Кто-то подставил Вадиму Платоновичу стул. Он не захотел сесть. Он стал лицом к лицу с сыном и негромко, но четко сказал:
— Доигрался?
Платон отвел глаза от отца.
— Нет, ты смотри мне в глаза. Смотри в глаза отцу, при всех смотри, слышишь? Дед твой был моряком и жизнь отдал флоту. Я тоже всю жизнь служил верно флоту… Подними, Платон, голову, смотри мне в глаза! Ты каждый день видишь мемориальные доски с именами курсантов, погибших со славой, отдавших за Родину жизнь. На какую же доску поместить твое имя, имя бездельника и лоботряса? Хорош же ты, нечего сказать! Даже коллектив от тебя отказывается. Понимаешь ты это? Ты отщепенец; ты, на которого народ тратит деньги, чтобы сделать тебя моряком!.. Вот, Платон, перед лицом моих товарищей офицеров, перед лицом моих младших товарищей, которых я с радостью бы назвал сыновьями, я тебе говорю: остается последняя возможность опомниться. Очень тоненькая ниточка связывает тебя с коллективом, иначе тебя не позвали бы сюда, на совет, а просто показали бы на дверь. Порвешь эту последнюю ниточку — ты мне не сын, а я тебе — не отец.
Вадим Платонович отвел чью-то руку, пытавшуюся его поддержать и обратился к совету:
— Я прошу сделать самые суровые выводы.
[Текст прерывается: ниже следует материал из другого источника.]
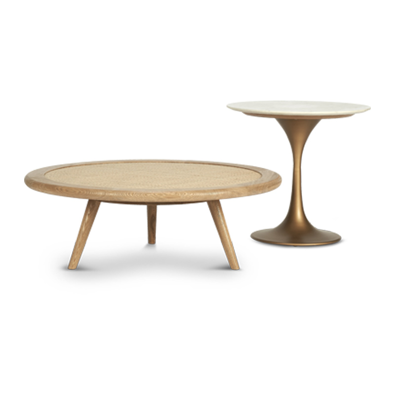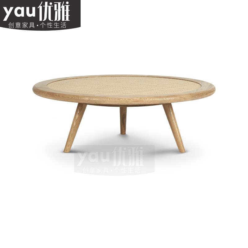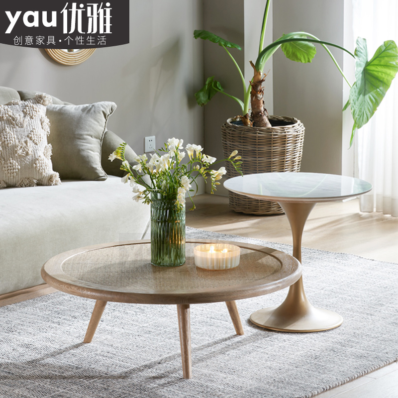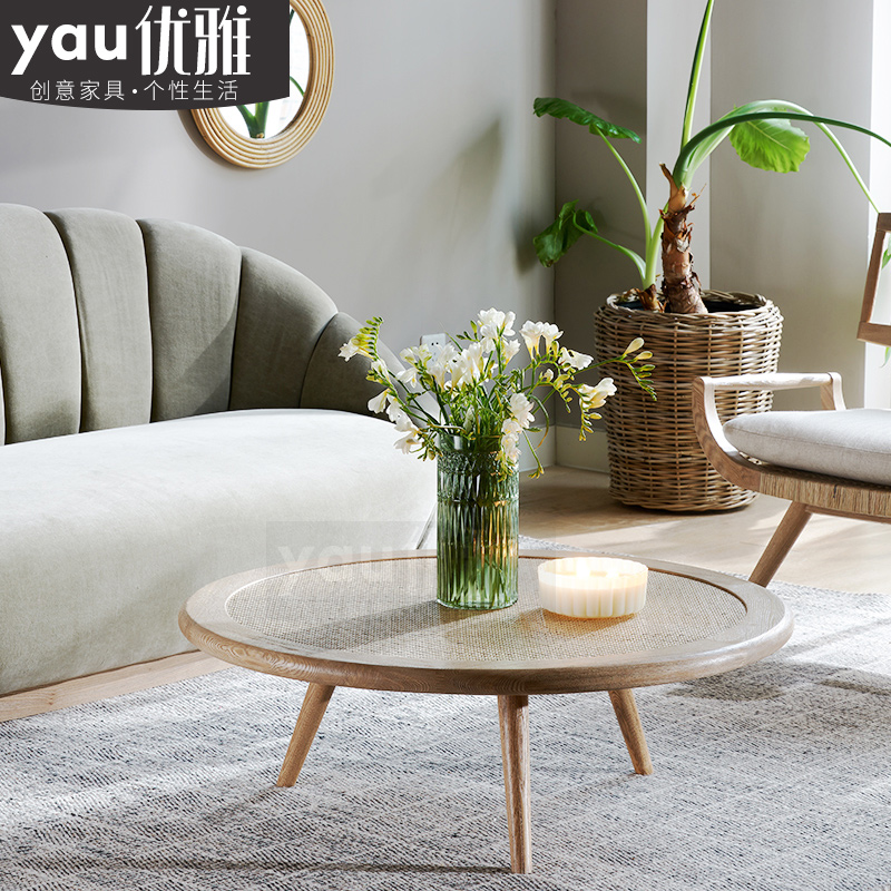 American-style solid wood homestay rattan element round coffee table Nordic modern minimalist living room home solid wood creative small tea table
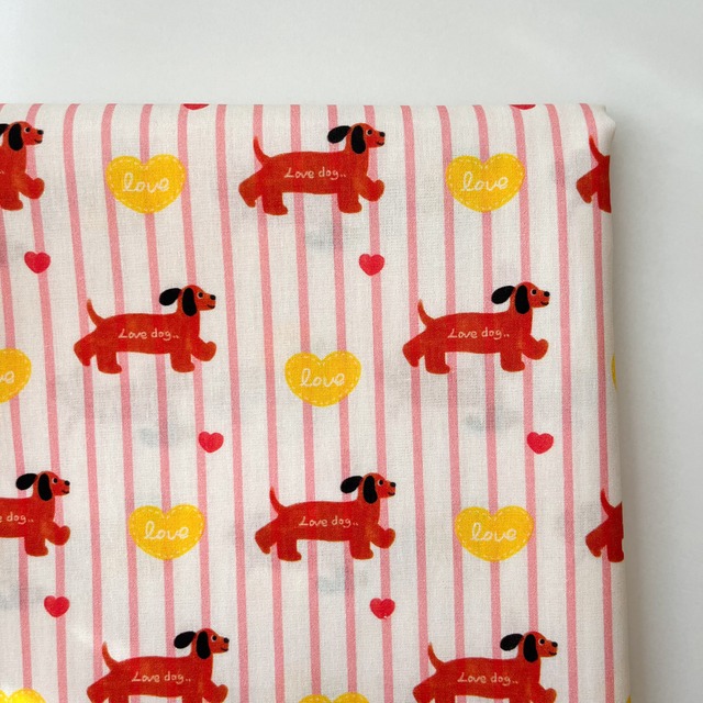 ダックスフンドとハートのモチーフが可愛い、 綿100%のデジタルプリント生地です♪ ピンクのストライプに、 黄色や赤のハートがアクセントになっていて、 ポップで元気な雰囲気に☺︎ 巾着袋やポーチ、エコバッグ、などの 布小物作りにぴったり♡ お子さまグッズやペットアイテムにも おすすめです!! ◌伸縮性 : なし ◌厚み : 薄手〜普通 ◌透け感 : ややあり ☑︎ 数量1=0.5y=45cm ※ご注文数繋げてカットいたします✂︎ ☑︎生地幅:約143cm ☑︎生地素材:綿 100% ☑︎色柄:1色(画像参照) _♡one color ☑︎商用利用可能 ⚫︎ クリックポスト対象生地⚫︎ 薄手生地のため1 yard〔数量2〕まで クリックポスト(¥200)にてご対応可能です! ※他対象生地と0.5yardずつも可能。 ご希望の場合は送料選択の際、クリックポストをお選びください。 ----------------------------------- ⚠︎注意事項⚠︎ ・こちらの生地は素材の特性上、折りジワがつきやすく、仕入れ時点で強めのシワがある部分もございます。アイロンをかけていただくことで解消できますので、不良ではございません。あらかじめご了承ください。 ・撮影環境やモニターの明るさにより実際の 色味と見え方に差が生じる場合があります。 ご購入前に必ずご一読ください⇩ https://popmimi.base.shop/about

И не прошу, требую: если вы собираетесь щадить его ради меня — не щадите!
Он отвернулся от сына и, стуча о паркет своей палкой, медленно пошел к выходу.
— Отец! — сорвался с места Платон. Но моряк только поднял руку — и Платон не решился следовать за отцом.
Все молча смотрели вслед Вадиму Платоновичу; Быков прикрыл лоб рукой, Вершинин достал платок, высморкался, Глухов что-то прошептал ему на ухо. Молодые офицеры, как видно, были потрясены происшедшим.
И тут вошел начальник училища. Он встретился в дверях с Вадимом Платоновичем и крепко пожал ему руку.
Когда адмирал сел за стол рядом с Глуховым, тот показал письмо, полученное от матери Бубенцова. Вершинин что-то у адмирала спросил. Адмирал кивнул головой. И Вершинин тогда объявил:
— Слово имеет курсант Рындин.
Да, я просил, чтобы мне дали слово… Я хотел сказать многое… Волнуясь, спотыкаясь чуть ли не на каждом слове, я говорил то, что накопилось у меня на сердце…
— Отец Лузгина жив, жива и мать Бубенцова… Пусть Лузгин и Бубенцов мне ответят: почему они так мало ценят родителей? У меня матери нет… они это знают. Когда она умерла, я глядел ей в лицо и задавал себе вопрос за вопросом: а не ссорился ли я с ней по-пустому, не было ли между нами недоразумений, не допускал ли я в разговоре с ней резкостей? Ведь она столько сил и здоровья затратила на меня!.. У нее была одна цель: вырастить сына, сделать его моряком; такова же цель в жизни у Вадима Платоновича Лузгина и у матери Бубенцова! А вы… вы не любите и не уважаете своих родителей! И не осознаете это сейчас, а лишь тогда осознаете, когда их не будет. И как захочется вам тогда извиниться, выпросить прошения за все то горе, которое вы им причинили! Захочется, но будет поздно…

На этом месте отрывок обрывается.